而且也因為這個門派的舉動,點醒了曾經被姬欣月救過的那些人,過多的錢財姬大夫收不下,那他們可以提供人保護手無縛雞之力的姬大夫啊!

姬欣月也不知道為什麽別人會覺得她手無縛雞之力,但将錯就錯,她也樂得有人鞍前馬後,這樣她就能有更多的時間,治病救人了。

第二年,姬欣月救了被仇人暗中報複,正一個接一個死去的凜崖山莊的人,這全家老小竟都喝下了被投毒的泉水,她廢了好大的力氣和不少時間,才把這些人身上的毒都給解了。

而她也因此,名聲更甚。

除了治病救人,她也曾被卷入過奇奇怪怪的案件之中,因她是大夫,所以總有人覺得她會驗屍,雖然她真的會。

她不僅喜歡救治病人傷患,她還喜歡觀察死人,了解他們為何而死,若是還活着,她改用何等辦法救治,若是得了會傳染的疾病,她又該如何處理這些屍體。

因為驗屍手段不同尋常仵作,她經常把自己弄得血淋淋的。

她也曾因此多了些邪名,直到悠然寺被污蔑一案,她隔着一層白布在所有人的面前驗屍,給出了足夠的證據,又有當地仵作再三驗證她的結論,終于為悠然寺洗脫了冤屈。

她一直以為這是因為她做了好事,旁人才理解了她,可是後來那個藏在人群中看着她的故人告訴她。

那些人不再因此指責她對待死者不敬,不是因為她驗屍的舉動帶來了好的結果,而是因為,她在白布後一邊驗屍一邊說話的模樣太過神聖了,不像是在亵渎屍體,更像是在與已經死去的人交談說話,令人心生敬畏。

姬欣月這才想起,自己确實有一邊驗屍一邊與屍體說話的習慣。

只因最初學這些的時候膽子還不夠大,說說話能緩解些恐懼。

那位故人自然就是白術了,聽說他這幾年都有遇到她,只是不知道為什麽,就是不肯出來與她打聲招呼。

一直躲着姬欣月的白術能有機會把這件事告訴她,也是因為當時有人要請她去天溟教,她身邊的人都不是天溟教教主的對手,于是他就站了出來。

他沒有像那些人一樣急着替她打跑天溟教的人,而是問她:“要去嗎?”

姬欣月終于能說上話了,便點了點頭:“嗯。”

她對因練武而出現的血毒很感興趣,而且天溟教人多,拒絕了這次還有下一次,太過麻煩了。

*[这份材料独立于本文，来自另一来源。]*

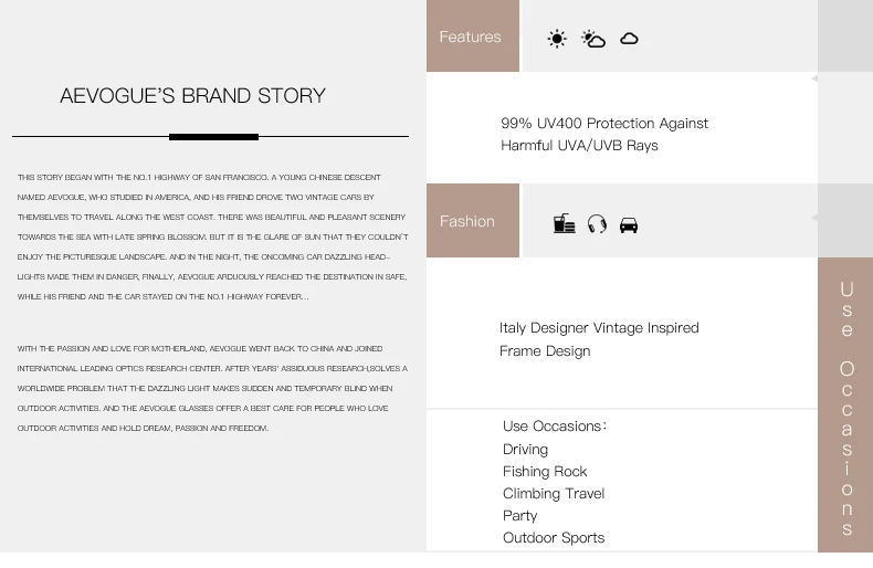 Product Function100% UV400 Protection Against Harmful UVA/UVB Rays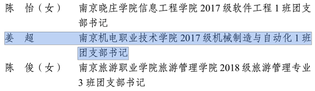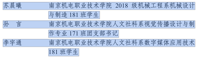 为表扬先进,树立榜样,引导和激励全市广大团员、团干部和各级团组织奋发进取,再创佳绩,共青团南京市委决定授予我院机械工程系苏晨曦同学、人文社科系孙言同学、人文社科系李宇通同学“南京市优秀共青团员”称号,团委金慧敏老师“南京市优秀共青团干部”称号,机械工程系姜超同学“南京市优秀团支部书记”称号。
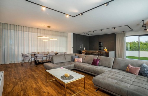 Villa Staza Valova is a luxurious villa where you can enjoy a panoramic view of the sea while you get a nice tan on one of the 8 sun loungers or cool off in the private infinity pool. If the sun gets too hot, you can enjoy the view in the shaded lounge area while sipping refreshing drinks. Your children can run around and play in the garden and the outdoor dining table for up to 8 people is perfect for an evening barbecue after a long day at the beach. Through the glass patio doors you enter the living room with a large comfortable couch and a TV. In the same room there is also an elegant kitchen and another dining table for up to 8 guests. On this floor there is a comfortable double bedroom with TV and en-suite bathroom. One floor up there are 3 more comfortable double rooms, each with its own TV and bathroom. The sea-facing rooms offer a panoramic view that you can enjoy every morning when you wake up. The large balcony is perfect for enjoying your coffee in the morning sun. Villa Staza Valova is the perfect choice for a luxurious experience for you and your family and friends. Villa Staza Valova is only 750 meters from the beach and within 2 km from the necessary amenities such as the nearest restaurant, café and store. Only about 15 minutes away you can spend an entertaining day in Crikvenica. Here you and your family can visit an adrenaline park or enjoy the breathtaking sea view from the Ferris wheel. Not to mention the beautiful beaches of Jadranovo and Crikvenica. The city of Rijeka is only 30 minutes away and is perfect for a day trip. Explore Trsat Castle and enjoy a meal in the courtyard, which has been converted into a restaurant. For a more modern activity, visit an exhibition at the Museum of Modern and Contemporary Art or the Computer Museum.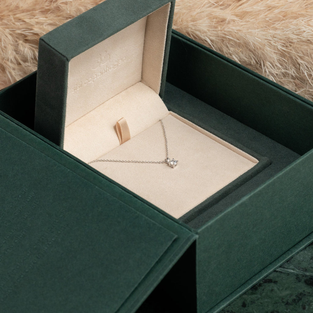 Alle diamantsmykkene våre fra vår Diamantkolleksjon kommer i vår eksklusive innpakning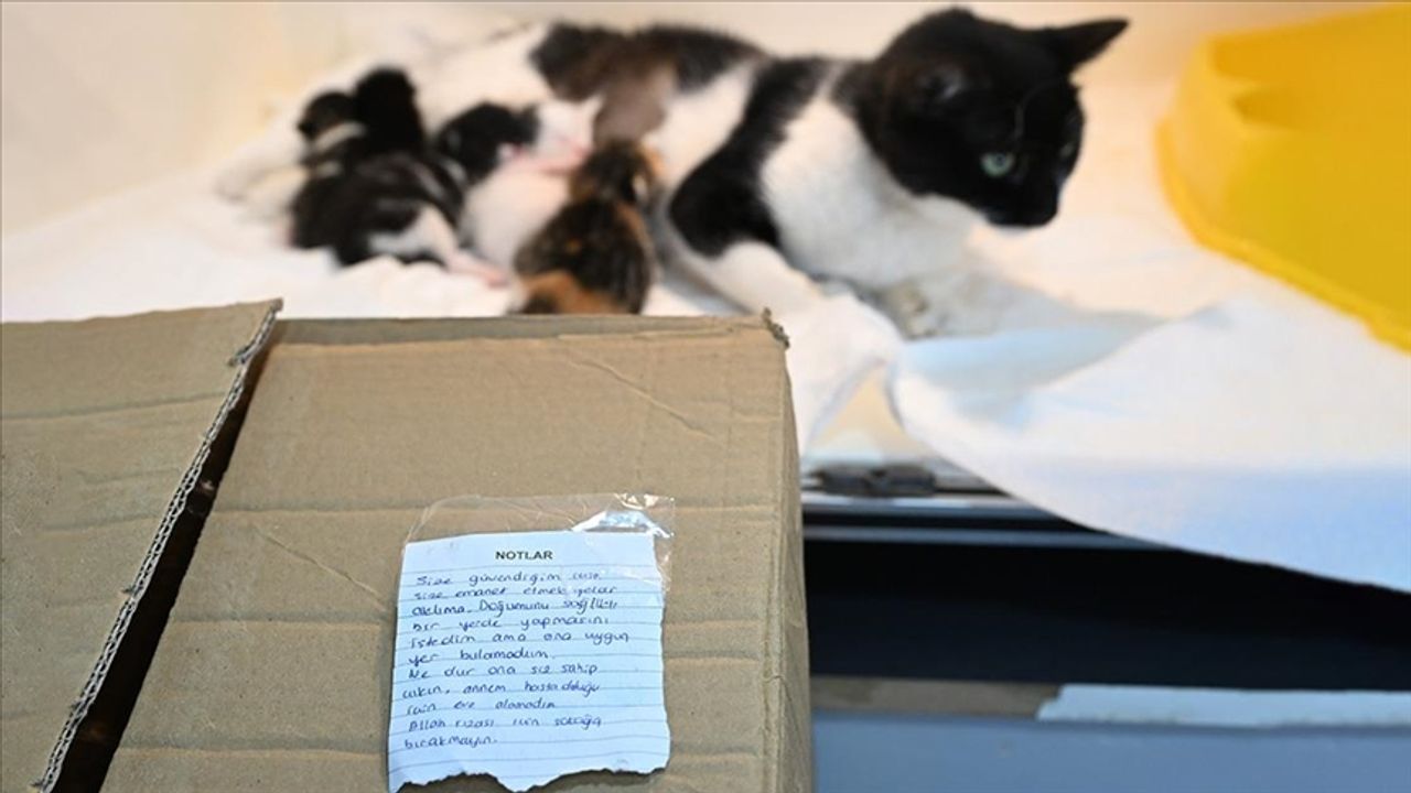 İstanbul'da özel veteriner kliniğinin kapısına karton kutuda bir notla bırakılan ve burada tedavi edilip suni sancı ile doğum yapması sağlanan hamile kedi, yavruları sütten kesildikten sonra sahiplendirilecek.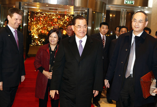 图为连方瑀(中)等人到达连战下榻的金融街威斯汀酒店。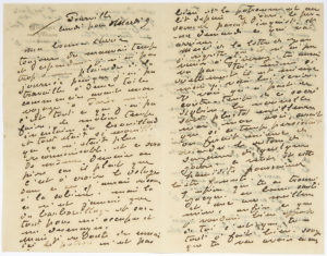 travail à Pourville. « Toujours du mauvais temps et cependant je n’ai pas trop à me plaindre de la journée puisque j’ai pu travailler à deux toiles commencées avant mon voyage à Paris mais c’est tout ce que j’ai pu faire, le matin temps incertain du brouillard et tout était si mouillé que ce n’était plus reconnaissable, et ce sera de même demain ou pire car il pleut que c’est à croire le déluge. Dans ce cas j’aurai recours à la cabine, mais là ce n’est jamais que du barbouillage et surtout pour m’occuper et me désennuyer »… Il s’inquiète de la famille : Jean, Suzanne, Jacques… « Moi je vais très bien je mouche fortement mais je crois que c’est aussi de chaleur, car il fait très doux et ne me couvre que pour ne pas être traversé et bien m’en prend, ce soir encore en rentrant j’ai écopé d’une jolie averse. Tout doit pousser à vue d’œil dans le jardin […] Bonsoir ma chérie voilà 8 h ½ je vais rentrer dans ma niche et dormir avec l’espoir que l’eau du ciel va enfin tarir et me laisser travailler »…
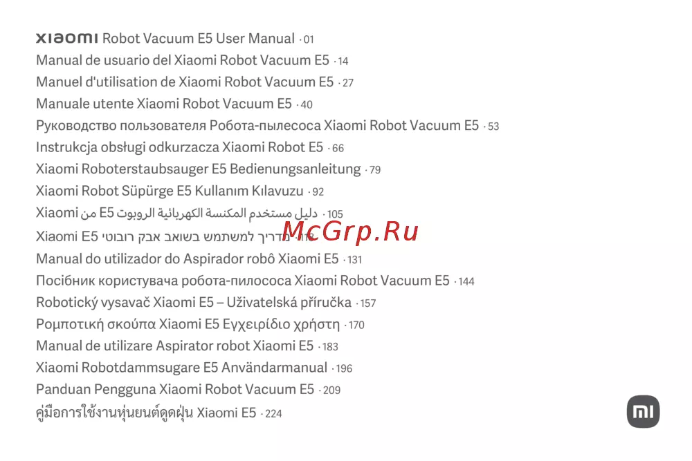 Xiaomi Robot Vacuum 210+Руководство по эксплуатации -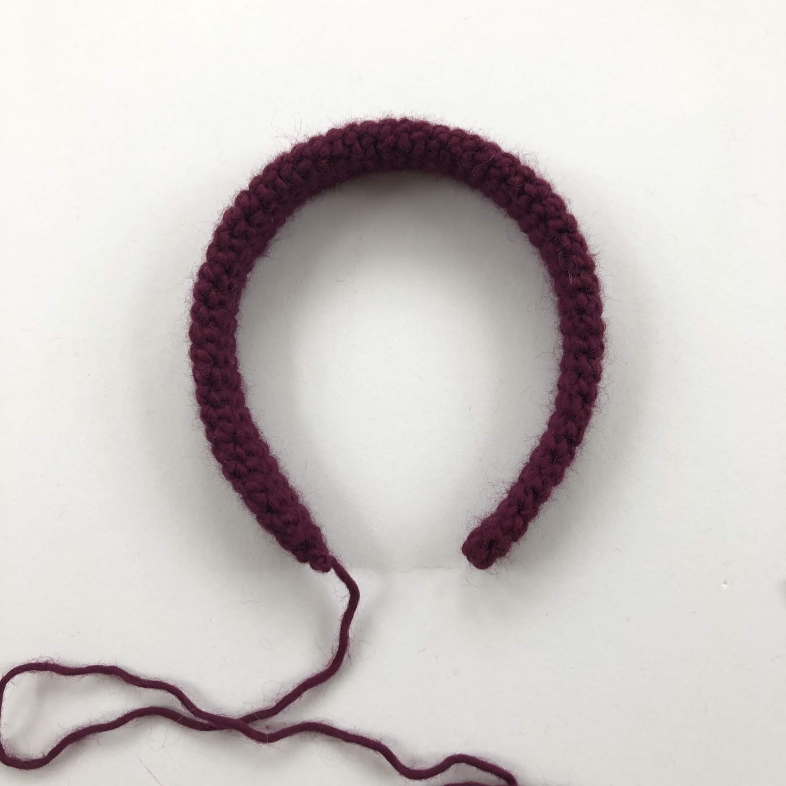 - Continue working double crochets, creating a tube, until your tube measures 41cm/16in (or the same length as your headband). Don't try and crochet around the headband: crochet the tube first and then put the headband in after.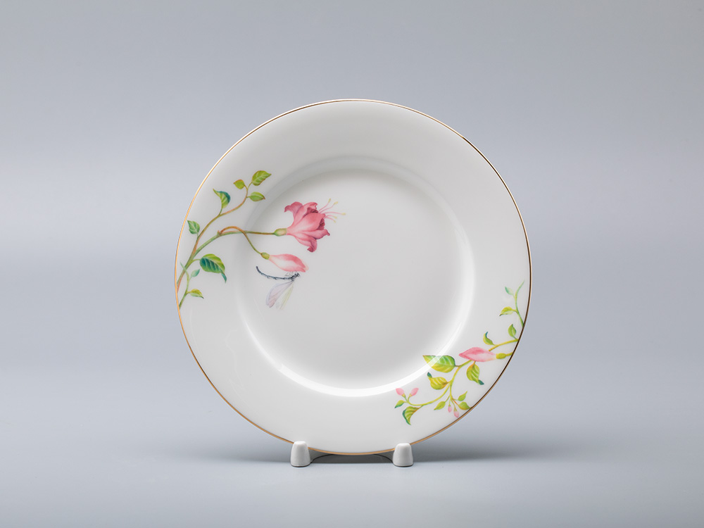 Фарфор костяной; декорирование надглазурное полихромное; позолота. Декоративный мотив коллекции «Сад мечты» – это нежный цветок фуксии. Автор рисунка, Ольга Будашова, неспроста выбрала именно это экзотическое растение. Считается, что фуксия привлекает удачу, а также является пожеланием любви и счастья. Декор выполнен в полупрозрачных тонах и напоминает акварельную живопись. Такой рисунок замечательно сочетается с материалом – воздушным костяным фарфором – и подчеркивает его достоинства. Для особой декоративности все предметы коллекции украшены золотыми отводками.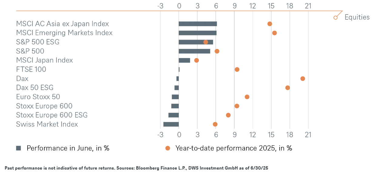 Presentamos nuestra perspectiva a 12 meses vista con más detalle en la edición anterior de los Investment Traffic Lights. Mantenemos nuestra visión constructiva en el escenario base actual, aunque los rendimientos objetivo se han reducido ligeramente tras el sólido comportamiento del mercado en las últimas semanas. Siempre que no haya nuevas sorpresas negativas, creemos que se podría argumentar que el impulso positivo del mercado podría continuar. Dicho esto, las primas de riesgo tanto en los mercados de renta variable como en los de bonos corporativos se han reducido tanto que incluso pequeñas decepciones podrían bastar para provocar otra corrección. A continuación, nos centramos en las clases de activos cuya evaluación a corto plazo cambió en junio. Como se mencionó, estamos redactando este texto antes del 4 de julio, fecha en la que Trump espera aprobar su “Big Beautiful Bill”. Cualquier retraso en ella, o nuevas alarmas arancelarias en los días previos al fin de la moratoria el 9 de julio, podrían provocar una nueva oleada de volatilidad en los mercados.

白術也陪她去了,就是在路上,白術告訴了她,這幾年他經常會遇到她。

這次天溟教之行後,她正道邪道都占了名字。

無論是尋常百姓還是官宦人家,無論是名門正道,還是邪魔歪道,都開始找起了她。

關于診金,有的人會給她金銀財帛,有的人會派人護她,還有的會花錢讓醫館給窮人免費治病,更有的會給她門派信物許下承諾。

慢慢的,她成了整個江湖最不能招惹的人。

某天她又遇到了白術,不知為何,她開始變得期待與他相遇,遇見後的心情也會變得好很多。

但那天白術的心情并不好,他喝醉了。

姬欣月想,若沒喝醉,他恐怕又是一見到她就躲起來,或者跑了。

趁着白術喝醉,姬欣月問他,為什麽總要躲着她,不肯見她。

白術呆呆地看着姬欣月,就像是在看一個夢境,然後他把答案告訴了她:“你這個人,無心無情,我怕靠太近,會傷害你……”

不是怕靠太近會被她傷害,而是怕靠太近,會傷害她。

姬欣月還多問了一句:“你會怎麽傷害我?”

白術似乎是覺得用語言無法說清,直接朝着姬欣月靠去,吻住了姬欣月的唇。

姬欣月猝不及防,卻也沒有拒絕,之後的一切就這麽順利成章的發生了。

第二天白術醒來那副模樣,姬欣月能記一輩子。

太傻了。

白術不僅表情傻了,聲音也結巴了,後來才慢慢緩過神,變回原來那副樣子,但語氣中卻多了一份小心翼翼,問姬欣月能否娶……不對,是嫁給他。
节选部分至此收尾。